Impact of defects and asymmetry on the acoustic transmission of serial resonators

Shaping Sound with Tiny Side Chambers

From noise-cancelling walls in buildings to ultra-sensitive medical and gas sensors, controlling how sound travels through narrow tubes is a powerful engineering tool. This paper explores how deliberately adding small “imperfections” to a chain of tiny side chambers attached to a main tube can be used to trap or let through very specific sound tones, much like choosing which notes of a song can pass through a filter.

Sound Highways and Quiet Zones

The authors study a one-dimensional “sound highway”: a straight tube along which sound travels, with many small side branches, or resonators, attached along its length. When these branches are repeated in a regular pattern, they create acoustic band gaps—ranges of pitches that are strongly blocked, while others are allowed to pass. Such structures are already known for applications like ventilation noise reduction and compact acoustic filters. Here, the focus is on what happens when this perfect order is disturbed by introducing a single modified branch—a defect—and on how the symmetry of the overall layout changes the way sound is allowed or forbidden to pass.

Two Ways to Arrange the Building Blocks

The resonators come in two flavors: closed-ended branches and open-ended branches. On their own, each type behaves like a simple filter. The closed branch mainly blocks sounds near its favorite resonant pitch and tends to pass higher tones, whereas the open branch prefers to pass lower tones and block higher ones. When arranged in sequence along the tube, these two types of branches can be combined to create broadband filters that cover a wide range of unwanted noise. The study compares two main layouts: an asymmetric arrangement, where the order of closed and open branches breaks mirror balance, and a symmetric arrangement, where the pattern is balanced on both sides of a central point.

Defects that Tune and Trap Sound

The core of the work is to see how a single altered branch in the middle of the chain behaves in both the asymmetric and symmetric layouts. Using two numerical tools—the transfer matrix method and finite-element simulations—the authors calculate how much sound gets through at each frequency and where the acoustic energy builds up. Changing the length of just this one branch shifts the special defect tone, a localized mode, up or down in pitch inside the otherwise blocked band-gap region. In the asymmetric case, increasing the defect length steadily drags this tone toward lower frequencies, creating a highly tunable transmission peak. In the symmetric case, the defect interacts with an additional special tone called a topological edge state, which is already present even without any geometric defect. Their coupling leads to a distinct, still tunable resonance that reflects the extra role of symmetry in shaping where sound prefers to live and how it leaks through.
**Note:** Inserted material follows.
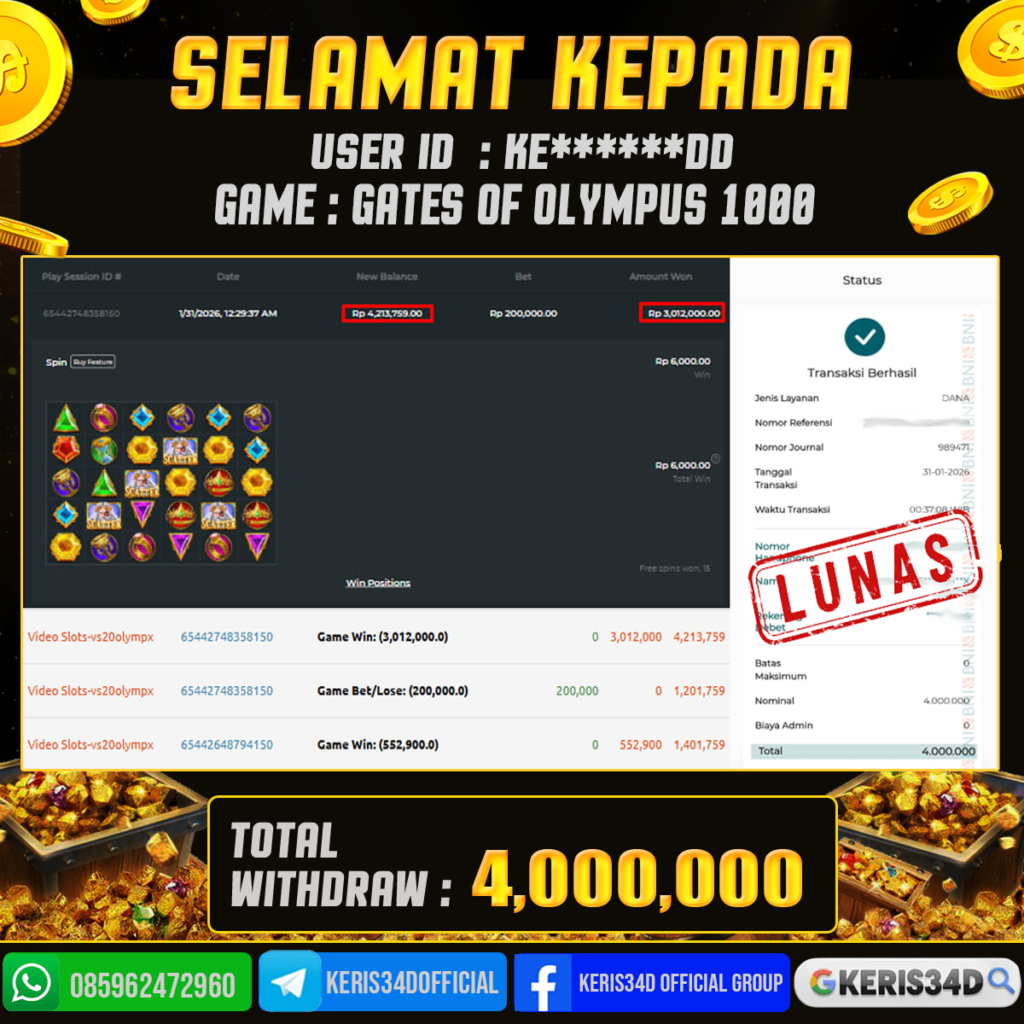 KERIS34D dikenal sebagai situs terpercaya yang selalu menghadirkan pengalaman bermain slot online yang aman, fair, dan berlisensi resmi. Di sini, kami tidak hanya sekadar memberikan janji, tapi bukti nyata berupa slip kemenangan yang dapat Anda lihat secara langsung.

Fine Control Through Shape and Size

Beyond length, the authors vary the cross-sectional area of the defect branch and of all side branches relative to the main tube. Shrinking or enlarging the defect cross-section allows for fine adjustment of the defect tone’s position and how sharply it stands out, by changing how strongly sound energy is funneled into that branch. Adjusting the overall side-branch size ratio modifies how wide and deep the blocked frequency bands become, and how tall and narrow the defect peaks are. The study finds that symmetric defective structures can maintain almost perfect transmission at these special tones, even when the geometry is strongly altered, while still producing very narrow and selective peaks. Asymmetric structures, in contrast, tend to show lower peak transmission and more pronounced sensitivity to geometric changes.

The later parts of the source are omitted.